Integrating the different tissue signatures generated a common day 1 signature in viral RNA positive tissues. These data show a robust day 1 proinflammatory gene expression signature in both local tissues and viral RNA positive distal tissues within 24 hours following intravaginal SIVmac251 inoculation (P = 5 × 10−8; Figure 4C). This common signature revealed upregulation of genes of the NFκB pathway, pro-inflammatory chemokines (CCL3), and genes expressed by monocytes/macrophages (CD14) and NK cells (TYROBP). The expression of this day 1 proinflammatory signature was also accompanied by the upregulation of several NLRs, including anti-inflammatory NLRs (NLRX1), and several genes of the anti-inflammatory TGF-β pathway (MAP4K4, TAB2, PPP1R15A). Importantly, expression of the day 1 signature correlated inversely with the antiviral ISG signature (P = 3 × 10−6; Figure 4D) and correlated directly with the inflammasome signature (P = 7 × 10−7; Figure 4D) across all animals in this study. Consistent with these findings, expression of NLRX1 also correlated inversely with expression of IRF7, a key antiviral ISG (P = 0.02; Figure 4E).

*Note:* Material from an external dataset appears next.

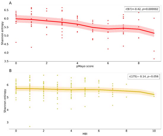 Relationship between alpha diversity and clinical scores. The scatter plots show a negative correlation between the clinical scores and Shannon entropy for both diagnostic groups (A) ulcerative colitis and (B) Crohn’s disease. Each dot represents a sample from a patient at a specific time point including the baseline. The bold lines represent locally weighted regression with a confidence interval fill. Spearman correlation results are reported in the upper right box. Abbreviations: pMayo, partial Mayo score; HBI, Harvey–Bradshaw index.
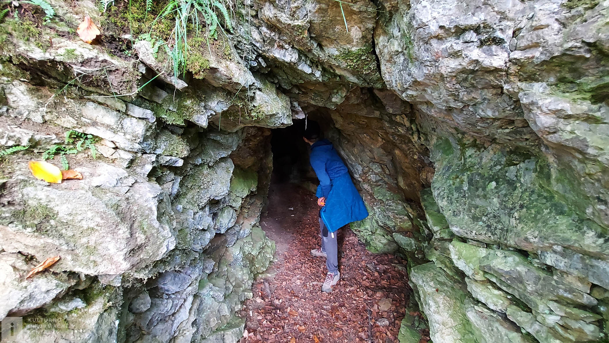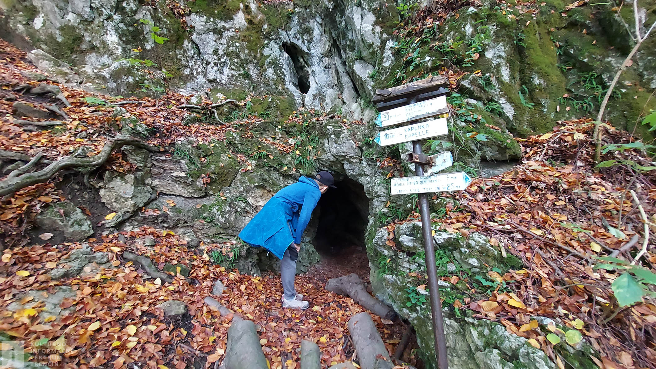 Po chvíli prichádzame ku miestnej zaujímavosti. Je ňou Jaskyňa pod Jeleňom. Samozrejme hneď zapíname na mobiloch svietenie a ide sa dnu na prieskum. Jaskyňa je voľne prístupná, má dĺžku slušných 27 metrov. Je však po pár metroch už značne úzka a nám sa nechce zašpiniť od blata, preto cúvame a ideme radšej von.

NLRX1 Expression Correlates with Early Virus Replication

NLRX1 is a negative regulator of the inflammasome pathway that inhibits expression of antiviral ISGs, IRF7, RIG-I, and TLRs (Allen et al., 2011; Moore et al., 2008) and was a component of the day 1 transcriptomic signature (arrow, Figure 4C). NLRX1 expression also correlated inversely with antiviral ISG expression at the site of inoculation (P = 0.02; Figure 5A) and correlated directly with the magnitude of viral RNA in gastrointestinal tissues at multiple timepoints (P = 2.6 × 10−3, Pearson correlation test; Figure 5B-C). Moreover, the subset of animals with the highest NLRX1 expression also demonstrated the highest levels of viral RNA (P = 4.3 × 10−3; Wilcoxon rank sum test, Figure 5D). Multiple additional NLRs (NLRP5, NLRP6, NLRP8, NLRC4) were also upregulated in addition to NLRX1 (Figure 5B, Supplementary Figure S4). NLRX1 gene upregulation was confirmed by Western blots for NLRX1 protein expression (P=0.016) and demonstrated an inverse correlation with IRF7 protein expression (P=0.008) (Supplementary Figure S6A-B), consistent with the transcriptomics data (Figure 4E).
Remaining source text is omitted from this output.